- Your objective -
From the records below, transcribe only the lines running from the one with "Suki Zinc-Plated Hex" through the one with "alma başarısını gösterdiler.". Keep both of those end lines.

- Data records -

Content starts

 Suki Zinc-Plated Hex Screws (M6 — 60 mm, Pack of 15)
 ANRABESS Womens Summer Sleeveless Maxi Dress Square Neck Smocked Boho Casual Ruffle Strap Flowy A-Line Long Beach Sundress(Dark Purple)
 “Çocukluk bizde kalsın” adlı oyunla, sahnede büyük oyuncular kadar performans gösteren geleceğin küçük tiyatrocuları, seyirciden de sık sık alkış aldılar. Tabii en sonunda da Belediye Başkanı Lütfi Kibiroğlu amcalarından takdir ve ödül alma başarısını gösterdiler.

Content ends
Content starts

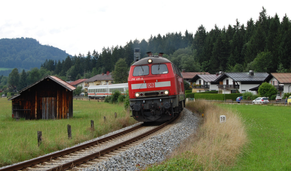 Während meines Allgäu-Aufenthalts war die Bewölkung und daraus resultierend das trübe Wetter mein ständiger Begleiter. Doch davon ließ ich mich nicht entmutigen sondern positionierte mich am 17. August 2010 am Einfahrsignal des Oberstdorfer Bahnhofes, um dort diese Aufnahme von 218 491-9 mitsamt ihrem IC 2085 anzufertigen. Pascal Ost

Content ends
Content starts

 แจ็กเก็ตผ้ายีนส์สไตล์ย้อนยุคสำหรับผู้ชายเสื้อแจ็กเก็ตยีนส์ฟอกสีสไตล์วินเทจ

Content ends

- Result -
 Suki Zinc-Plated Hex Screws (M6 — 60 mm, Pack of 15)
 ANRABESS Womens Summer Sleeveless Maxi Dress Square Neck Smocked Boho Casual Ruffle Strap Flowy A-Line Long Beach Sundress(Dark Purple)
 “Çocukluk bizde kalsın” adlı oyunla, sahnede büyük oyuncular kadar performans gösteren geleceğin küçük tiyatrocuları, seyirciden de sık sık alkış aldılar. Tabii en sonunda da Belediye Başkanı Lütfi Kibiroğlu amcalarından takdir ve ödül alma başarısını gösterdiler.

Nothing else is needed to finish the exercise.